I have to understand from my own failed relationships that the part that I have overlooked and forgot about was the dating and truly get to know the other person before taking the step of giving the situation an official title. I think that most people my age completely forget about the whole dating process and courtship. Nowadays, I can say from personal experience, two people meet, click, become attracted in more than one way, and talk for such a short time but are so quick to have the official title of a relationship. We tend to forget how serious relationships were taken in the decades before ours. I think was born in the wrong decade.
Love is something that cannot be rushed. Being in love and loving someone are two very different things. I have loved before, but I have never been in love but I hear and believe that it is one of the most beautiful and purest feelings us humans can express upon another.

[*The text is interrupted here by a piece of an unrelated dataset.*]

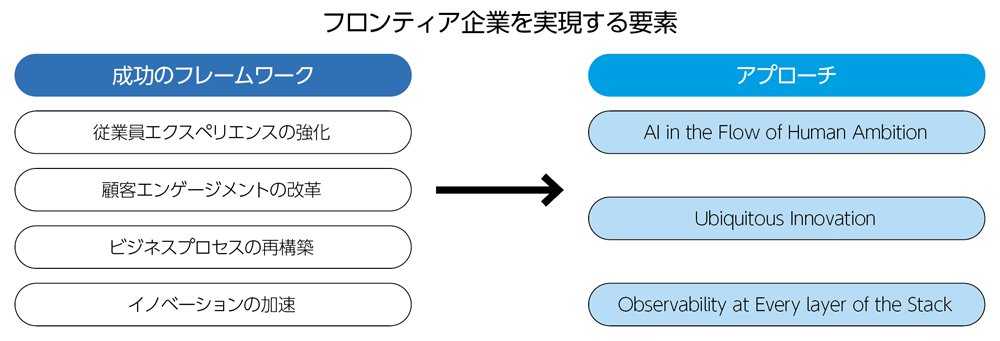 フロンティア企業を実現する要素としては、「従業員のエクスペリエンスの強化」「顧客エンゲージメントの改革」「ビジネスプロセスの再構築」「イノベーションの加速」という四つの成功のフレームワークを提唱しています。今回のIgniteでは、このフレームワークを実現するためにマイクロソフトのAI戦略のビジョンである三つのアプローチを説明しました。

We (yes, I definitely need to include myself here) sometimes tend to rush things. But I have come to learn through truly reflecting on what I want out of a relationship, reflecting and understanding my flaws and what I bring to the table. I have come to learn that marriage is something that I hope to one day, not anytime soon though, but before that ever happens there are things I need to work on within myself to be able to build the stairs leading up to that.

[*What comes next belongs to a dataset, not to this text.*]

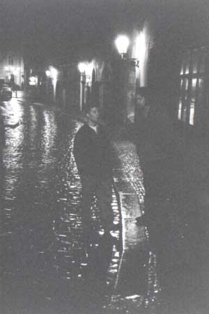 | This image of a damp alleyway in Prague taken with extremely fast (3200 ASA) black and white film does an excellent job of demonstrating the interplay of light acrossed wet surfaces. Note that the light creates long, broken bars acrossed the wet cobblestone road, but more regular diffuse circular shapes in the reflection on the dry wall. |

This part of the book truly made me stop and think twice about my approach to not just marriage but relationships. As a girly girl I can honestly say that growing up the wedding is something that I have always dreamed and talked about with others girls, going through every possible minute detail. But what is a wedding without a marriage? What is marriage? These are questions that later develop as girls mature and think about the future. The wedding is the superficial and public way of sealing the deal and deciding to publicly become one with your other half. But what matters more than the decorations, dress, bridesmaid,flowers, and invited guest is the marriage. This is the part that Disney and other fairytales leave out and let us learn and wonder on our own.
Before thinking about taking a step forward from dating to relationship and especially from relationship to marriage, each person needs to prepare himself or herself. We truly do just see the bigger picture but forget the little fragments that must come together for it.

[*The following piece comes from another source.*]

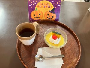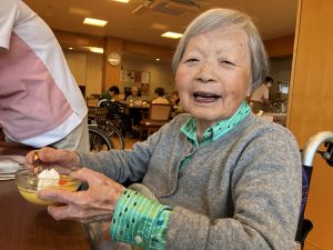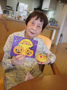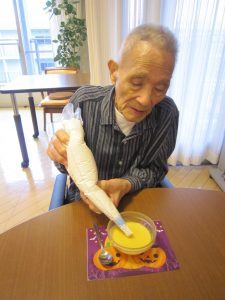 今月は、秋の味覚「かぼちゃ」を使ったプリンをご提供しました。ご入居者にはハロウィン仕様のトッピングで、デコレーションを楽しんでいただきました。 『どこに乗せようかな~。』と迷いながらホイップを絞ったり、かぼちゃを飾ったり、チェリーを最後にポンと乗せる瞬間には笑顔が広がり、ご自分だけの『かぼちゃプリン』が完成!『可愛くできたから食べるのに気が引ける。』『ホイップをたっぷりにしてみたわ。』など、皆様和気あいあいと笑顔いっぱい楽しんでおられました。

We forget about working on improving ourselves first, as individuals. We forget to love ourselves first and working on those qualities that we do not even like about ourselves. How can I expect someone to love me without first loving myself inside and out? How can I expect someone else to give me the best of them without first working on the bad qualities? We forget about establishing and meeting financial, personal, social and professional stability. We completely overlook the true meaning of marriage, the actual foundation for a happily ever after that we create for ourselves. We, as humans, tend to look at the superficial and not the cores and foundations which are the parts that we ultimately have to deal with on the daily basis.